• Dataset extract
= = = =

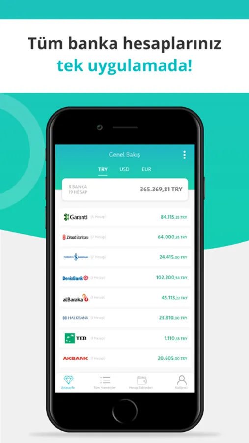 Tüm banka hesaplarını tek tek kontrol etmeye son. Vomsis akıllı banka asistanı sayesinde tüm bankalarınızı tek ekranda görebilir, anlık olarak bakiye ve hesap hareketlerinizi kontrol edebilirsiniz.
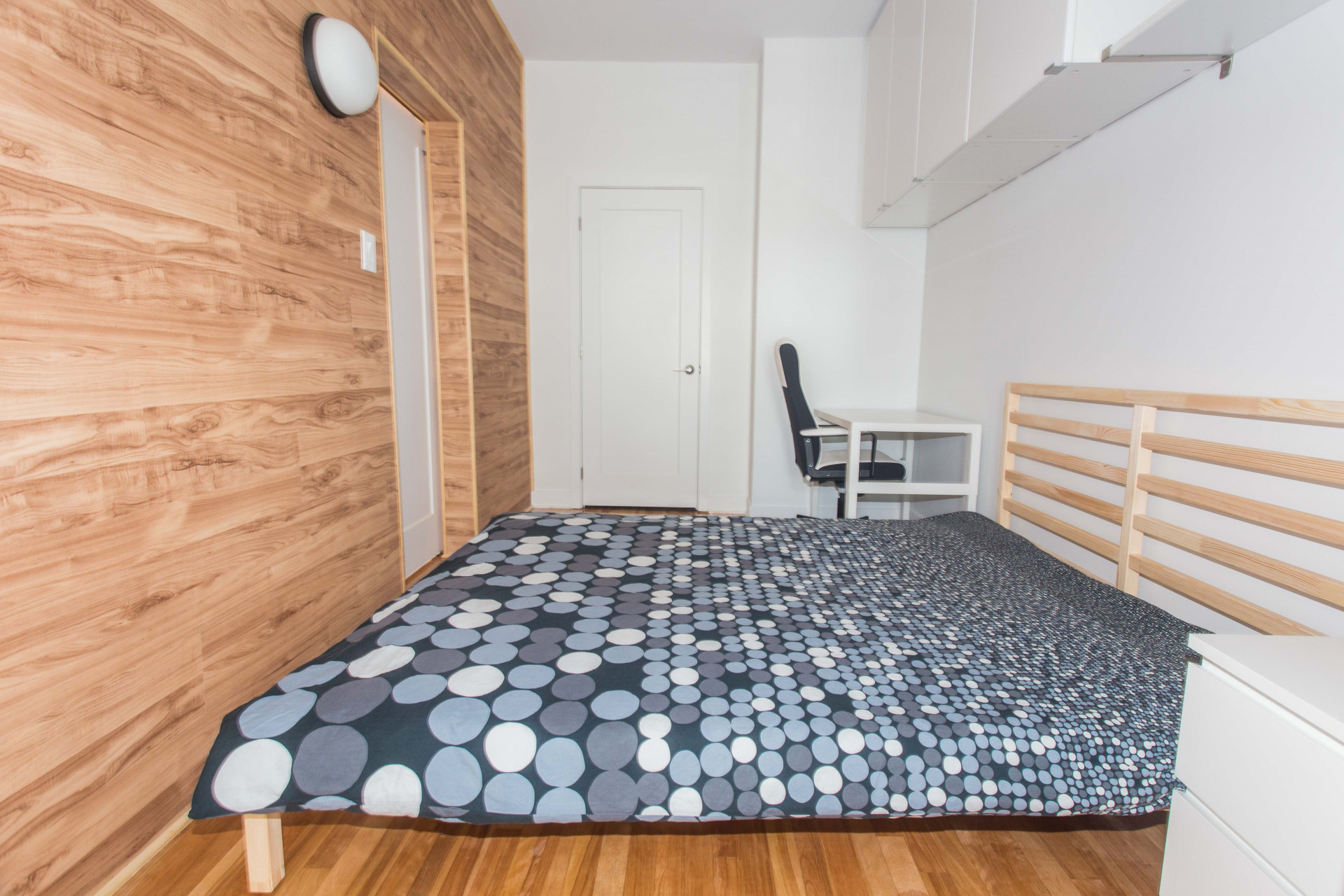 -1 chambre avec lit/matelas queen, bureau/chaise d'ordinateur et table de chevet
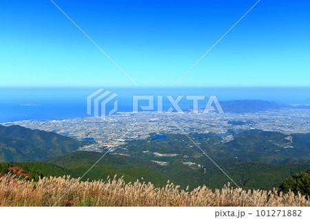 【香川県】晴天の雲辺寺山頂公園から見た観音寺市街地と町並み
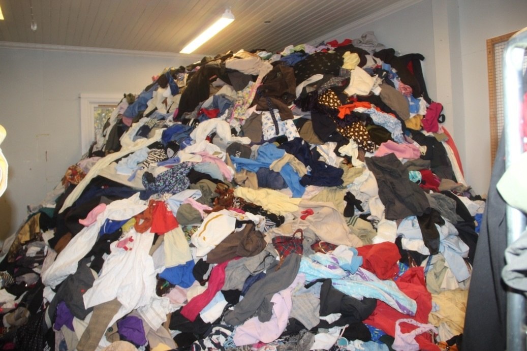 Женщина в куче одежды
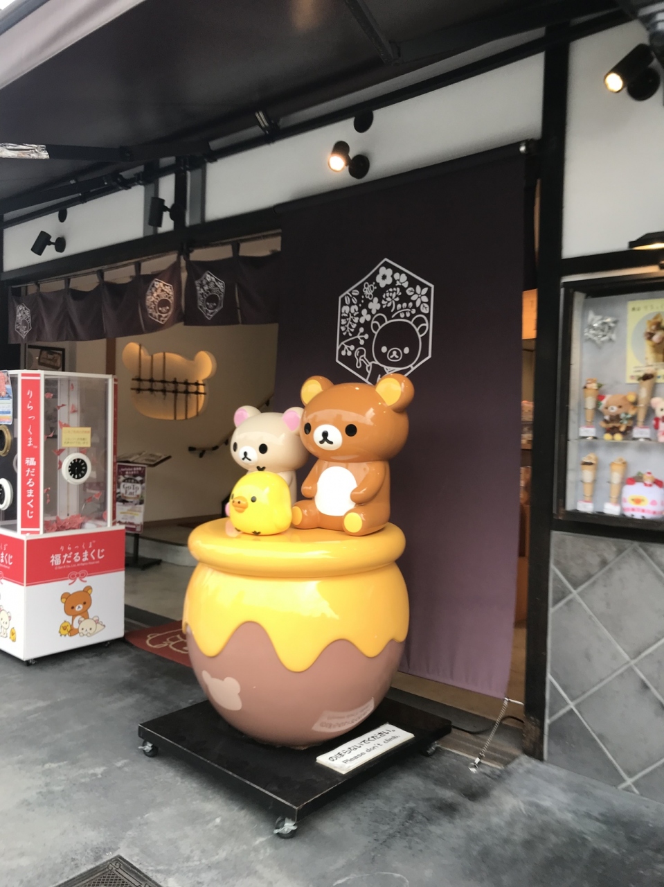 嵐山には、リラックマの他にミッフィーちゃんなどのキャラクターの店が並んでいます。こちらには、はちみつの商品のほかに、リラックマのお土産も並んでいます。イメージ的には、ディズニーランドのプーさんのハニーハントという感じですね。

= = = =

• Assignment
The entries above are to be retyped exactly, with each picture left out.

• Written response
 Tüm banka hesaplarını tek tek kontrol etmeye son. Vomsis akıllı banka asistanı sayesinde tüm bankalarınızı tek ekranda görebilir, anlık olarak bakiye ve hesap hareketlerinizi kontrol edebilirsiniz.
 -1 chambre avec lit/matelas queen, bureau/chaise d'ordinateur et table de chevet
 【香川県】晴天の雲辺寺山頂公園から見た観音寺市街地と町並み
 Женщина в куче одежды
 嵐山には、リラックマの他にミッフィーちゃんなどのキャラクターの店が並んでいます。こちらには、はちみつの商品のほかに、リラックマのお土産も並んでいます。イメージ的には、ディズニーランドのプーさんのハニーハントという感じですね。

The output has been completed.